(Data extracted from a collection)
--- START ---

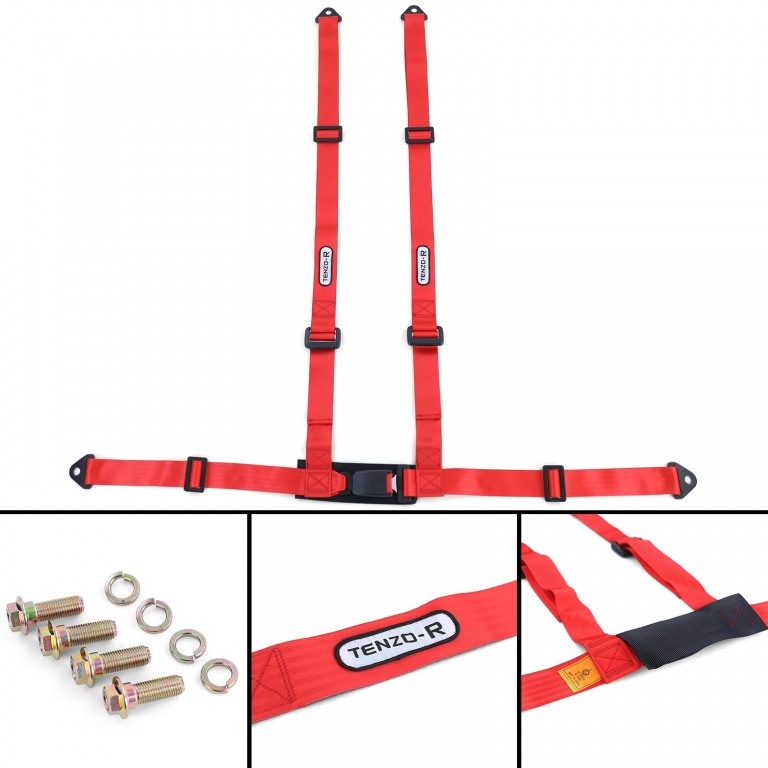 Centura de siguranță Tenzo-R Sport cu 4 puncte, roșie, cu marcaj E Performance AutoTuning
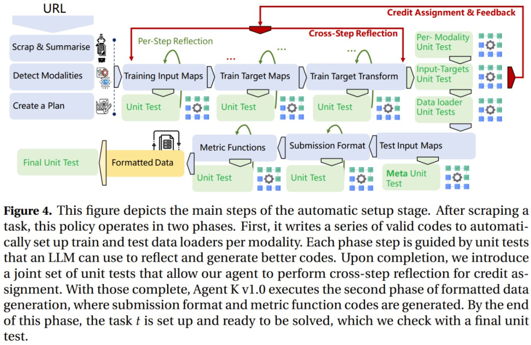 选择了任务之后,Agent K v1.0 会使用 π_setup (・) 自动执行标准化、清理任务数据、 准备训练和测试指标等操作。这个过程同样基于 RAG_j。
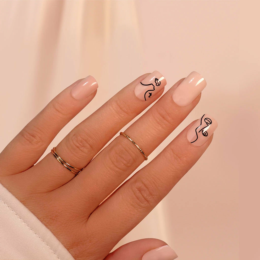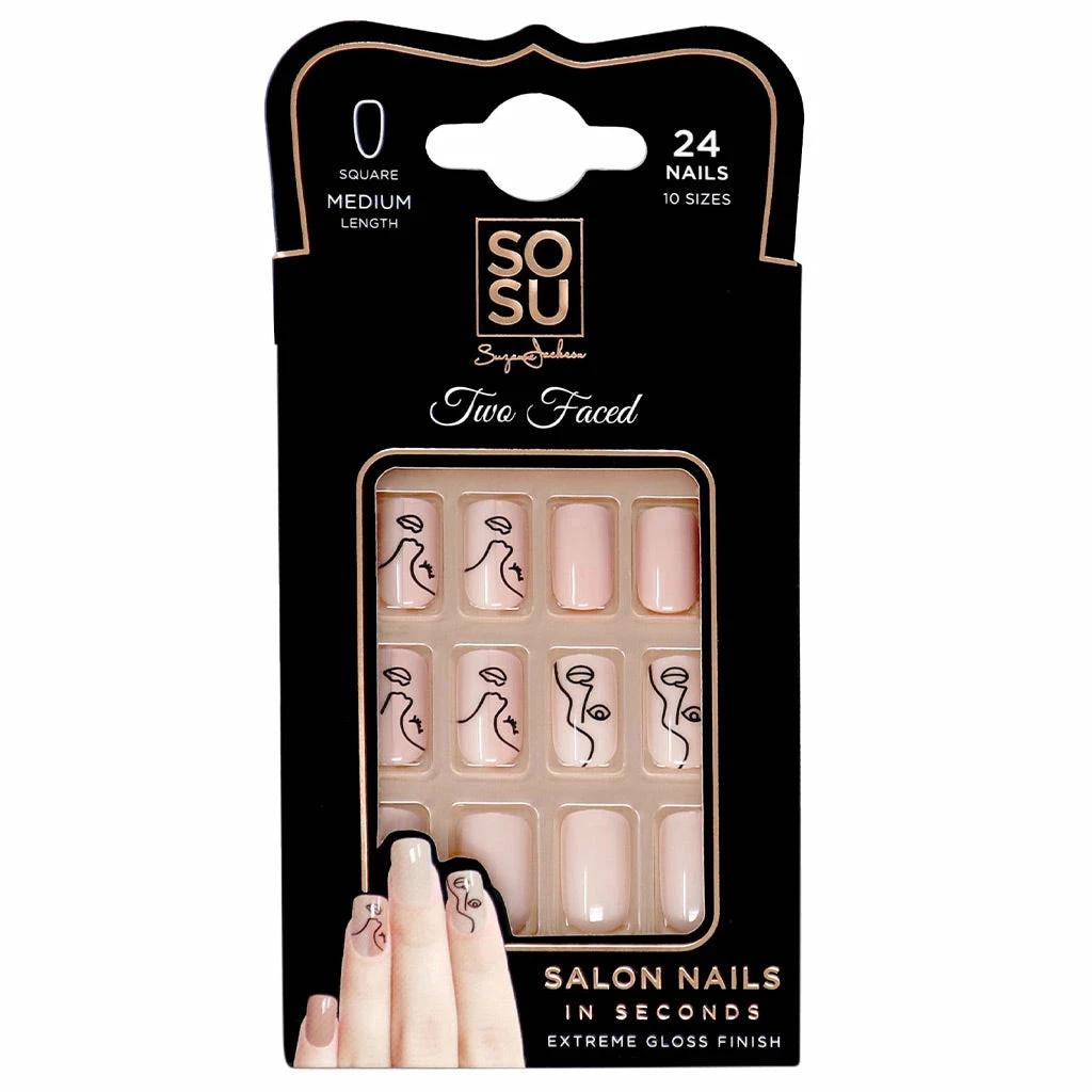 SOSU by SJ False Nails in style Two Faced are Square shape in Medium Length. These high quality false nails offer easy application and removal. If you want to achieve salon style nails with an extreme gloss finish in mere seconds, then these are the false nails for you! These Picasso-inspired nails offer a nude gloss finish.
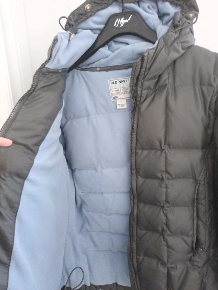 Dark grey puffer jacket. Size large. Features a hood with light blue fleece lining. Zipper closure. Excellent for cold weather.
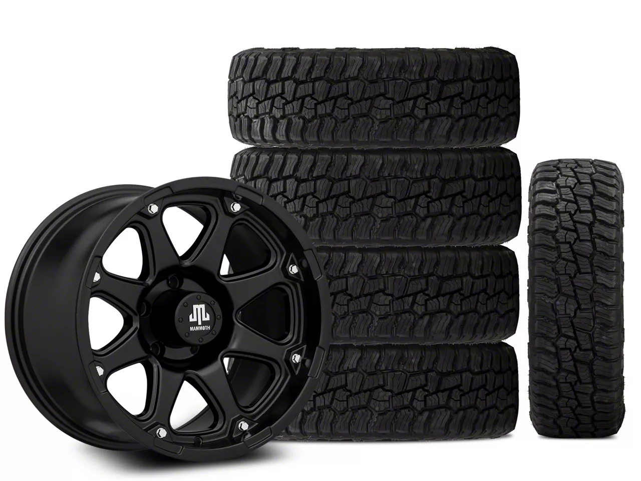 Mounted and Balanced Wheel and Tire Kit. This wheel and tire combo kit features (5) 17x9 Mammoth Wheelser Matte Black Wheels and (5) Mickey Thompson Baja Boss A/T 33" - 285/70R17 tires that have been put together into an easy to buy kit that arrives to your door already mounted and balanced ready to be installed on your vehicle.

--- END ---

### Exercise goal
Write out the lines above from the one with "选择了任务之后,Agent K v1.0" through the one with "SOSU by SJ False", ends included, exactly; no picture goes in.

### Exercise result
 选择了任务之后,Agent K v1.0 会使用 π_setup (・) 自动执行标准化、清理任务数据、 准备训练和测试指标等操作。这个过程同样基于 RAG_j。
 SOSU by SJ False Nails in style Two Faced are Square shape in Medium Length. These high quality false nails offer easy application and removal. If you want to achieve salon style nails with an extreme gloss finish in mere seconds, then these are the false nails for you! These Picasso-inspired nails offer a nude gloss finish.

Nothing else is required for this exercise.